New Delhi, Sep 30 (IANS) Twenty-first century India is no longer Nehru’s India; it is confident, optimistic and on the move, says BJP heavyweight and former union minister Jaswant Singh, but questions whether “it is a civic nation”.

“It is not,” he replies in the same vein.
“For example, Nehru’s dictum in a response to a question that he wanted to achieve a more civilised India through civilised means begs the question whether we are a more civic India? There is another aspect of Nehru’s India that do those who professed to follow his political thought now respect the institution of parliament just as much as he did,” Jaswant Singh asked during an interview to IANS.
“In the functioning of our kind of representative, participatory form of government… a very disturbing trend has come into being… It is the rendering impotent of, as illusory, even a maligning of any kind of alternative, of any contrary viewpoint or a thought that opposes indeed of the whole concept of opposition,” he said.
And why “at the government’s cost we are taking out full-page advertisements about the Congress, its president and the late Motilal Nehru, who lived 150 years ago (to mark his 150th birth anniversary)”, he demanded, while referring to a recent ad blitz by the ruling party.
“We need some moderation in public life,” Jaswant Singh mused.
The 74-year-old parliamentarian from Darjeeling, who has courted controversy and expulsion from the BJP for his book “Jinnah: India Partition Independence”, released his new work, “The Audacity of Opinion: Reflections, Journeys and Musings” last week. It is an anthology of his writings for various publications for more than two decades, reflecting on aspects of the country’s socio-political life and the portfolios he has handled.
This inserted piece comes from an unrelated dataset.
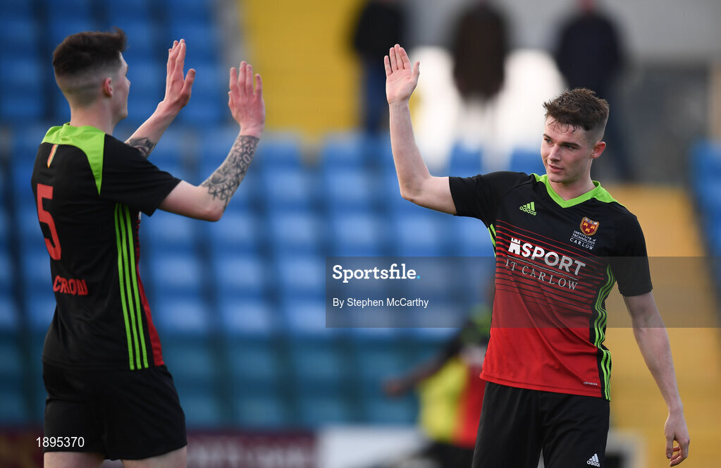 3 March 2020; Danny Doyle, right, celebrates with his IT Carlow team-mate Dean Kelly, who scored their fourth goal, during the Rustlers CFAI Cup Final match between IT Sligo and IT Carlow at Athlone Town Stadium in Athlone, Co Westmeath. Photo by Stephen McCarthy/Sportsfile
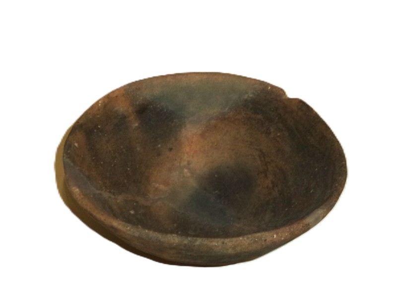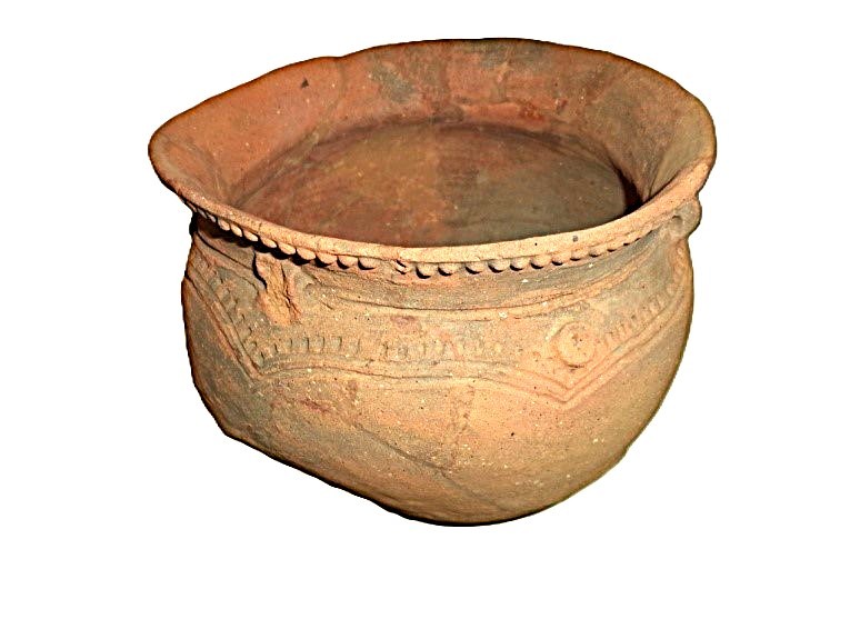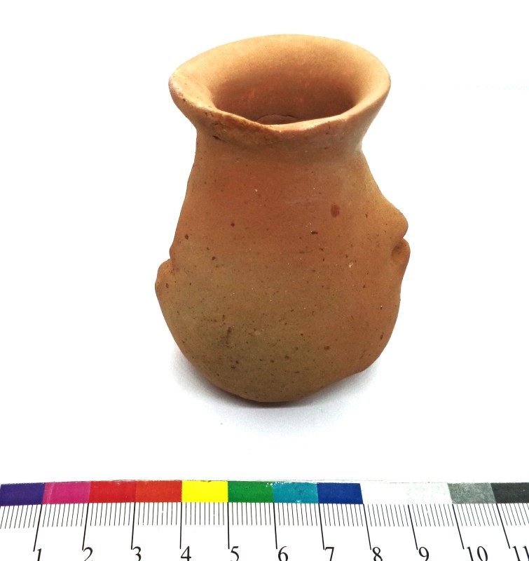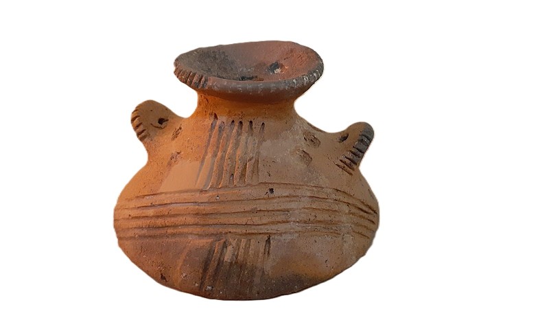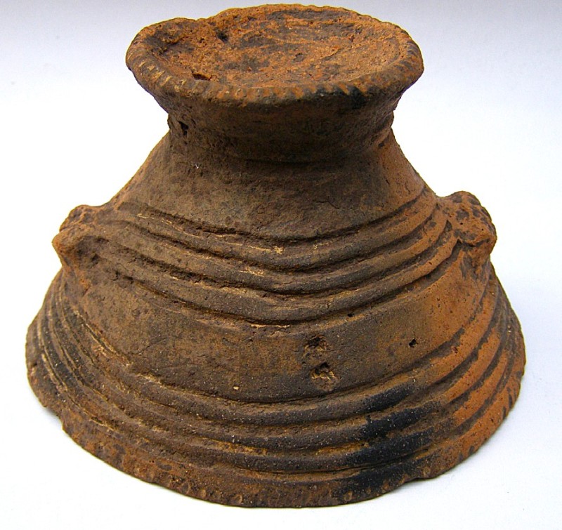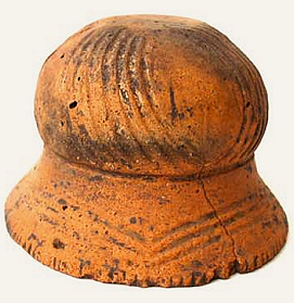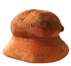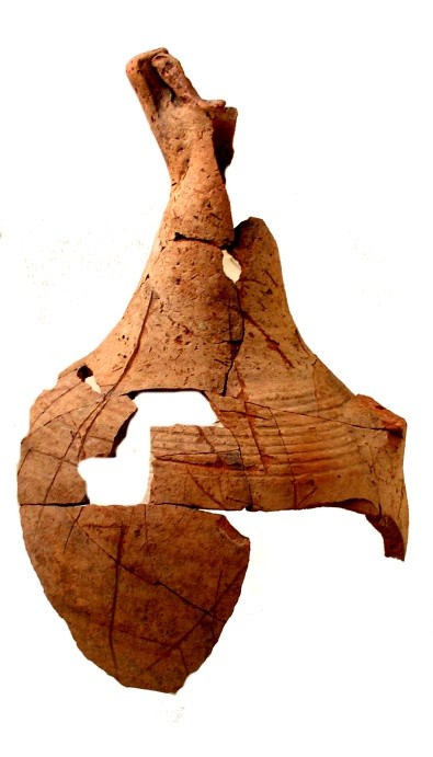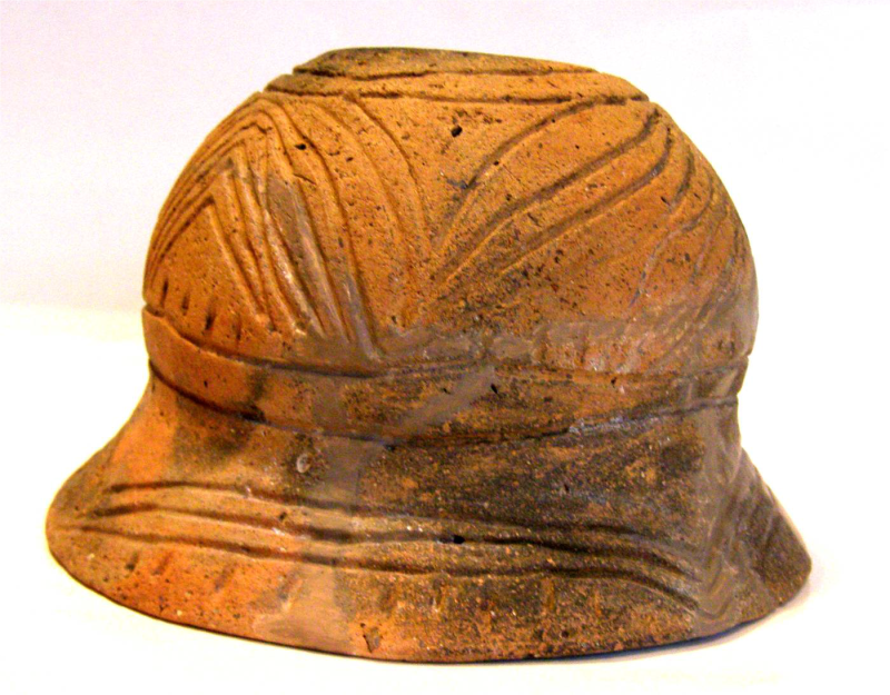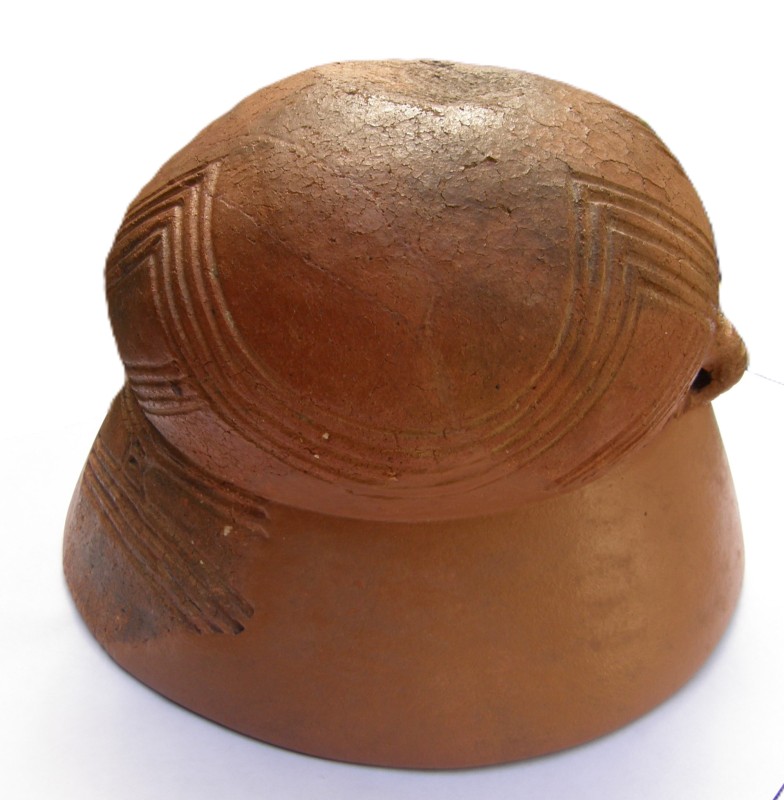 Покришка конічна з двома вушками, які мають вертикальні проколи. Поверхня жовтого, місцями сірого, кольору. Орнаментальна композиція складається з двох стрічок із горизонтальних, заглиблених ліній, в яких частково збереглись залишки інкрустації білою пастою. На тулубі стрічка із чотирьох ліній утворює два фестони з вушками в центрі; під ручкою також стрічка з чотирьох ліній оперізує основу тулуба. Ручку та вушка прикрашено по краю насічками. Такі покришки могли входити в комплект до грушоподібних посудин. Вушка з отворами використовували для прив’язування , запечатування посудини із припасами. В профіль такі кришки нагадують постать людини з піднятими вгору руками. Орнамент на покришці відповідав декору посудини, для якої ця покришка призначалася. Подібні антропоморфні покришки з заглибленим орнаментом були типовими для так званої Східнотрипільської культури, що була поширена, починаючи з етапу В І – ІІ у межиріччі Південного Бугу та Дніпра.

Jaswant Singh, in his book, says there are some continuities from the Nehruvian era. “We do continue to see a faded reflection of residual Nehruvism in the country, but that is neither here nor there because even when he was alive, it was difficult to define what this Nehruvism was”.
The former minister says he has outgrown many of the views that he expressed in his columns. Blame it on experience.
“There is a famous and fine saying by Arthur Chrysler that I am appalled by the views that I held this morning. Change is the uncertainty of life… So, why should a change of views be looked down upon or treated with derision?”
What has altered is his thinking, Jaswant Singh said. “I was 30 years younger when I wrote the columns. So I am that much more experienced. I don’t think I have rejected any specific political philosophy or view over the years… perhaps some angles of political thought I might have modified through experience and I presume learning,” he added.
The BJP leader, who held the defence and external affairs portfolios during the two NDA regimes (1998-2004), looks back at the Bofors gun deal of the mid-1980s, saying “it was in a sense a precursor of the denigration of the institution of Comptroller and Auditor General”.
“That’s where the rot of a partisan of a political wrong first set in. But C&AG has not lost its credibility though it has been attacked politically. It is a national institution, and for heaven’s sake, preserve it,” Jaswant Singh said.
In his book, he dwells at length on the role that the CAG played in presenting uncomfortable questions to the government through its reports and observations – and at times stowed under the carpet by the government.
Then, the disparity between the urban and the rural becomes palpable in Jaswant Singh’s descriptions of Indian villages. “India has not been able to bridge the gap between village and towns. The National Democratic Alliance in its six years introduced a measure of reforms PURA (Providing Urban Amenities in Rural Areas). It was successful as long as it was pursued. But as it was an NDA programme, its success was abandoned after NDA was voted out of power,” he says.
“The entire blueprint of the model exists…All that is required is an executive-administrative order from the union government for the provision of some fund from the government for its implementation,” Jaswant Singh adds.
Eight essays in his book probe the developmental and political impasse of northeastern India that he visited during his days in the army.
“I fell in love with his beautiful land and its incredible beautiful people. But it sadly remains a forgotten frontier. That sums up the pain of the northeast. It suffers from deprivation of neglect and from this all other problem arises… What kind of a prime minister do we have who falsely designates himself a resident of Assam. That is the insult which causes me to say that this is a forgotten frontier,” Jaswant Singh says, very conveniently forgetting that though a resident of Rajasthan, he represents Darjeeling in West Bengal in the Lok Sabha.
The change in BJP has been faster in the last few years to keep up with the young India. “When we talk of change within the BJP, then the change in the psyche and expectations of the new generation of Indians have outstripped the pace of change in BJP,” Jaswant Singh says.